I really appreciate what Team Meat has done with Super Meat Boy. I think the ultimate joke lies within the games plot. It really is just that other platforming game’s story, and yet, unlike the other SMB, in which the ridiculous and predictable plot is an absolute letdown, Meat Boy ‘s story actually comes across as ridiculous, predictable – and fun. It’s tongue in cheek, but it’s deeper than that. It’s a middle finger to the other game; a massive “why aren’t you us?” tap on the glass. Team Meat has crafted an experience that they know platformers should be. They very clearly see that the genre has been stagnating for too long, overshadowed by more technically competent genres like first-person shooters. They love the genre they’re working in, and it shows. They even include unlockable characters from indie and platforming past, including Ogmo from Jumper, to Jill from the aforementioned Might Jill Off – even Tim, from Braid! Even the player avatar from Minecraft is scheduled to be in the Steam version of the game when it is released at the end of November. So, what's the score?

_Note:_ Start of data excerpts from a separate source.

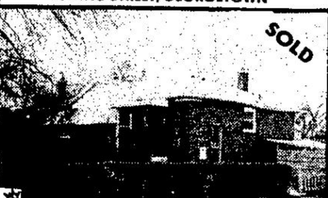
2 CLEAVEHOLM, GEORGETOWN
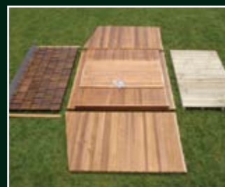
LAY OUT PRE-MADE PANELS
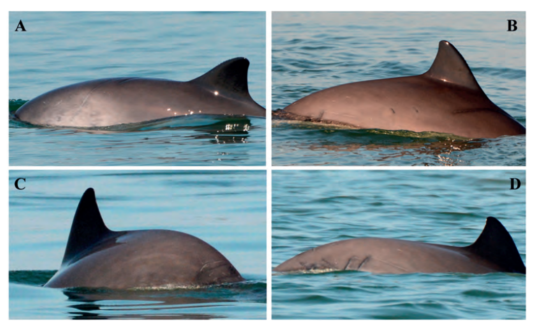
Figure 3. Photographs of harbour porpoise 'HP3', taken on 30 August 2016 (B, C), and 31 August 2016 (A, D).

four re-sightings in 2016. Markings on the tailstock were photographed for the first time in 2015, and were not present during the sighting in 2014. This individual had a notch on the

Super Meat Boy is the perfect platformer. If you have so much as a passing interesting in platforming games, even a little teeny bit, you know what to do. Load up your Microsoft Balance and get Super Meat Boy. Best thing is, the game is selling for 800 Microsoft Points. That’s less than ten dollars! So what are you waiting for? The gaming equivalent of Hell awaits you… and it’s absolute heaven.
Andrew Deavin has it on good authority that any game that makes you run a foot-race through a collapsing salt factory against a giant monster made of discarded fetus feces as a Boss encounter cannot be a bad game. He also really truly appreciates the achievement for unlocking the Kid. He'd rather chop off his own balls than play that level again. But uh, don't quite him on that. Super Meat Boy is available on Xbox LIVE Arcade right now, and is coming to PC/Mac late November, and WiiWare sometime after that.